Read multi-line JSON in Apache Spark

I tried to use the JSON file as a small DB. After creating the template table in the DataFrame, I requested it using SQL and got an exception. Here is my code:

val df = sqlCtx.read.json("/path/to/user.json") df.registerTempTable("user_tt") val info = sqlCtx.sql("SELECT name FROM user_tt") info.show() 

df.printSchema() result:

 root |-- _corrupt_record: string (nullable = true) 

My JSON file:

 { "id": 1, "name": "Morty", "age": 21 } 

Exeption:

 Exception in thread "main" org.apache.spark.sql.AnalysisException: cannot resolve 'name' given input columns: [_corrupt_record]; 

How can i fix this?

UPD

_corrupt_record is

 +--------------------+ | _corrupt_record| +--------------------+ | {| | "id": 1,| | "name": "Morty",| | "age": 21| | }| +--------------------+ 

UPD2

This is strange, but when I rewrite my JSON to make it oneliner, everything works fine.
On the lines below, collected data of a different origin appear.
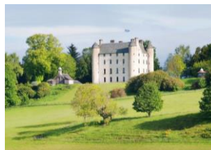
Castle-Feeling pur in Perthshire

Scottish Explorer Pass: Ihr Ticket für freien Eintritt zu über 300 staatlichen, historischen Stätten in ganz Schottland, gültig an 7 Tagen innerhalb von 2 Wochen p.P. € 60,00
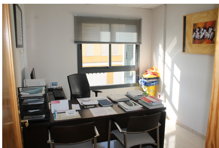
Despacho gerente con vistas a calle Tulipan
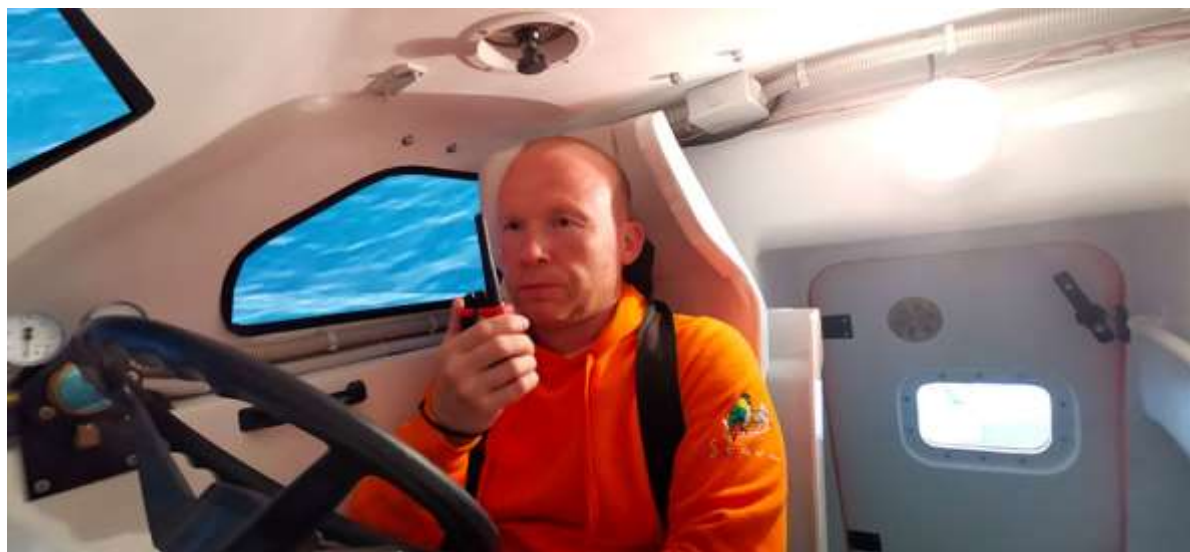
Рулевой занимает место за пультом управления.

 {"id": 1, "name": "Morty", "age": 21} 

So the problem is newline .

UPD3

I found the following sentence in the docs:

Please note that the file that is offered as a json file is not a typical JSON file. Each line must contain a separate standalone virtual JSON object. As a result, a regular multi-line JSON file most often fails.

It is not possible to save JSON in this format. Is there any workaround to get rid of the layered JSON structure or convert it to oneliner?

+13
source share
2 answers

Sparks> = 2.2

Spark 2.2 introduced the wholeFile multiLine which can be used to load JSON files (not JSONL):

 spark.read .option("multiLine", true).option("mode", "PERMISSIVE") .json("/path/to/user.json") 

See:

  • SPARK-18352 - Parse regular multi-line JSON files (not just JSON lines).
  • SPARK-20980 - Rename the wholeFile option to multiLine for JSON and CSV.

Sparks <2.2

Well, using formatted JSONL data may be inconvenient, but I will argue that this is not a problem with the API, but the format itself. JSON is simply not designed for parallel processing on distributed systems.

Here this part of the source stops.